Людмила, постучавшись легонько, вошла — взять какой-то журнал. Саша окинул ее с ног до головы уничтожающим взглядом. Но… Эта сухощавая, холодная дамочка в кожаных туфлях, в английском костюмчике, с клипсами жемчужными… Нет, она не уничтожилась под взглядом Саши. Это Саша уничтожился… Он вдруг представил себе — точней, ему само представилось, помимо его воли, — как Лева с Людмилою на своей еще нестарой «ауди» (тачка Людмилиного мужа покойного) подъезжают к какому-нибудь из модных московских ресторанов — «Гранд-Опера», к примеру, «Шоколад», или «Вертинский», или там к «Рэдиссон-Славянской» они подъезжают, чтобы в суши-бар заглянуть, — и никто не смеется, не гонит их, а принимают как самых приличных и нормальных людей… А вот Лева стоит за кафедрою в каком-нибудь американском университете и говорит: «Возьмем хомяка», и небрежно так пачки баксов складывает в «дипломат» крокодильей кожи… Саша заморгал, протер глаза. Он не понимал, отчего ему вдруг такое привиделось. Домишко Людмилы был хорош для Кистеневки, не более того, и «ауди» была хоть и не старая, но и новой ее тоже не назовешь. И все-таки… У Левы дом, хорошая машина (у Левы, который даже прав отродясь не имел!), сад в сорок соток, а Саша люмпен. Что по этому поводу думает гомеостатическая система? Оно, конечно, нехорошо, что у нас ученые нищенствуют; но Лева свое благополучие не ученостью приобрел, а какой-то никому, кроме Людмилы, непонятной мужской соблазнительностью… Нет, как-то все это неправильно. Не очень правильно. Разве для равновесия и порядка нежелательно, чтобы Лева немножко поделился с Сашею?

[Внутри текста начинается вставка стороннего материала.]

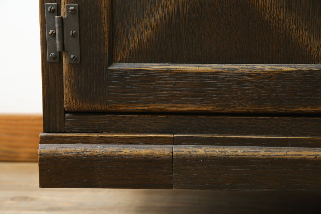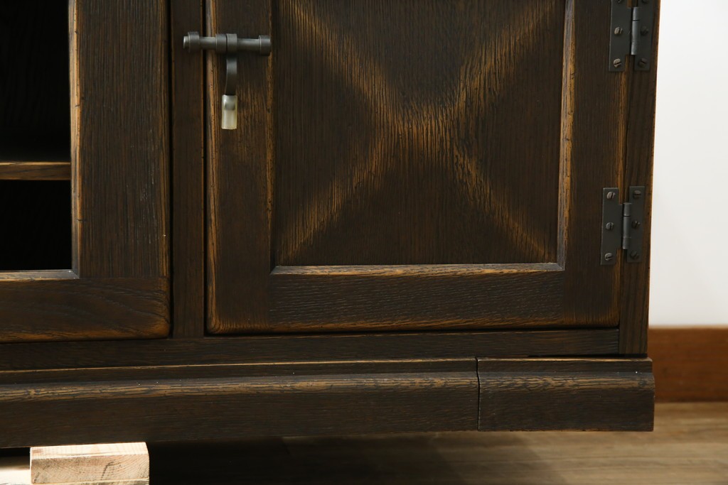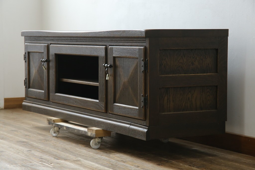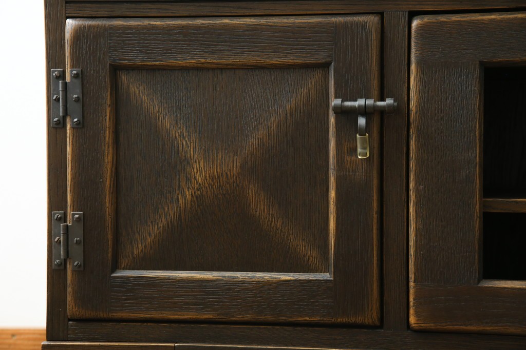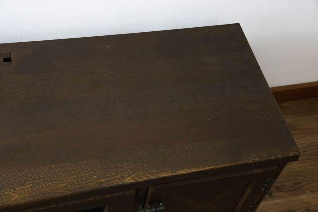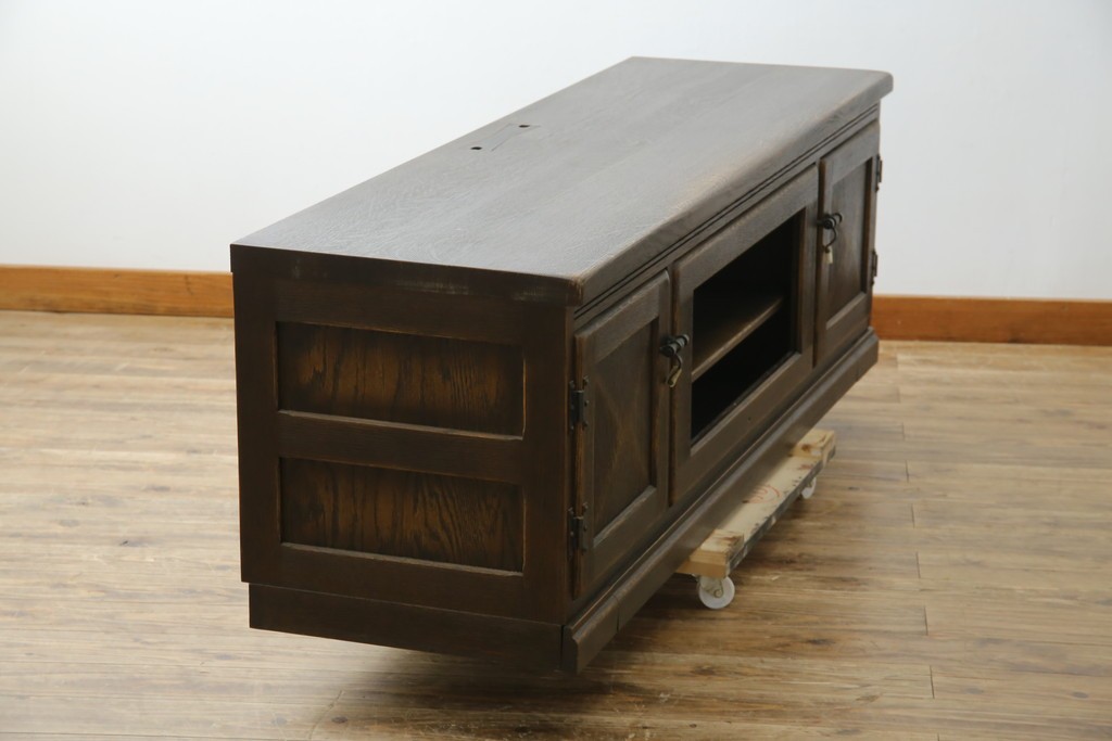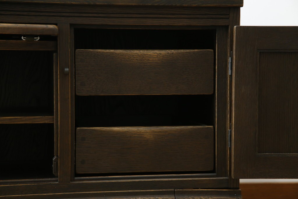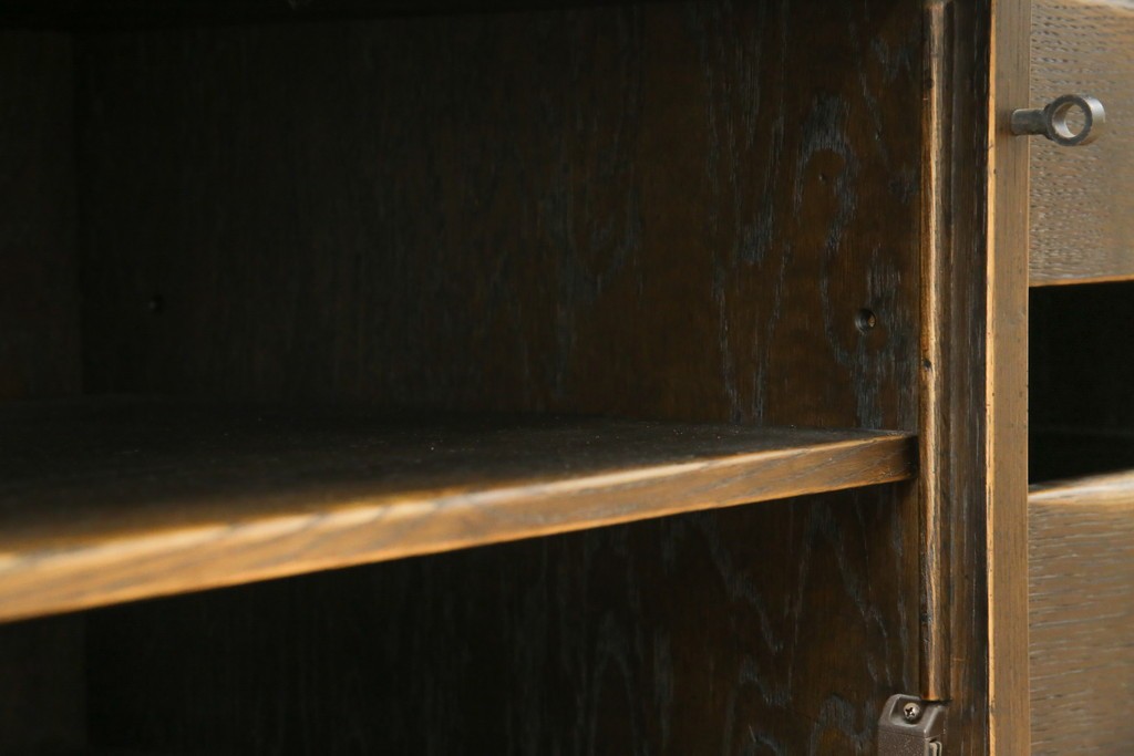 両側には扉付き収納が備わり、内部の棚板により日用品や周辺機器を整理しやすい構造になっています。
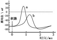 下圖表示槍烏賊離體神經(jīng)纖維在Na+濃度不同的兩種海水中受刺激后的膜電位變化情況。下列描述錯(cuò)誤的是( )![]()
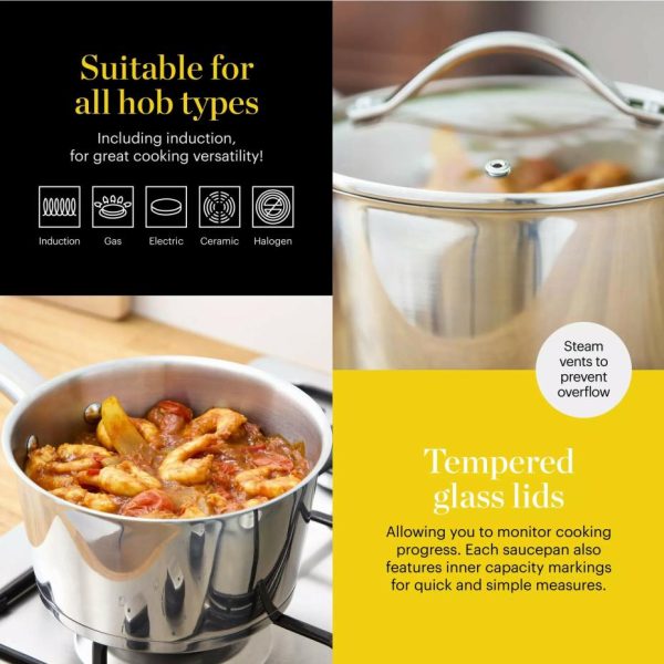 Good Food -Piece Saucepan Set Stainless Steel | Homeware Tower Housewares Pan Sets quantity

— Саня, ты дурак. Неужели ты веришь, что этот тип, кто б он ни был, сможет одним махом устроить в этой стране райскую жизнь?

Никак невозможно было добиться от Левы, чтоб он хоть что-нибудь назвал «нашим» — рукопись, страну ли… А вот про дом и машину он говорил «наше», хотя это все было не его, а его жены. Хотя, конечно, муж и жена — одна сатана…

— Короче, я ухожу. Завтра ухожу.

— Эх, Пушкин, Пушкин… Ну, найдешь ты десятую страницу… Ну, прочитаем мы ее…

— Мы? — у Саши даже сердце забилось по-другому.

— Н-ну… Я, конечно, с удовольствием помогу, чем сумею… Ты приезжай, мы тебе всегда рады…

— Хорошо, — безжизненным голосом отозвался Саша, — спасибо за приглашение.

Лева сглотнул, кадык его дернулся. На лбу выступила испарина. Он так вертел очки за дужку — сейчас отломится…

— Саня, я… Саша… А если этот мужик с тобой и разговаривать не захочет? Если он тебя пошлет?

— Ну, это уже его проблемы.

Саша погладил Лже-Черномырдина, сидевшего у него на коленях, потрепал черные уши — Лже-Черномырдин заворчал, довольный…

— Лева… Пошли со мной, а? Я один не могу…

— Я не могу теперь ее бросить, — сказал Лева, — она не может без меня жить… И такая большая популяция хомяка — это же… Не уезжай, останься, живи с нами. Ведь здесь есть все, что ты любишь: церковь, боулинг…

— Нет, спасибо, — сказал Саша. В душе его был смертный холод. — Я найду десятую страницу, найду этого типа. Я его заставлю меня выслушать.

— Чтоб он тебе вышку подарил?

— У меня сын есть. Тебе этого не понять. Не хочу, чтоб он тоже как заяц бегал… Чтобы всякие козлы могли его убивать ни за что ни про что… Хочу, чтоб ему после меня осталось что-то…

— У меня тоже теперь дочь, — ответил Лева.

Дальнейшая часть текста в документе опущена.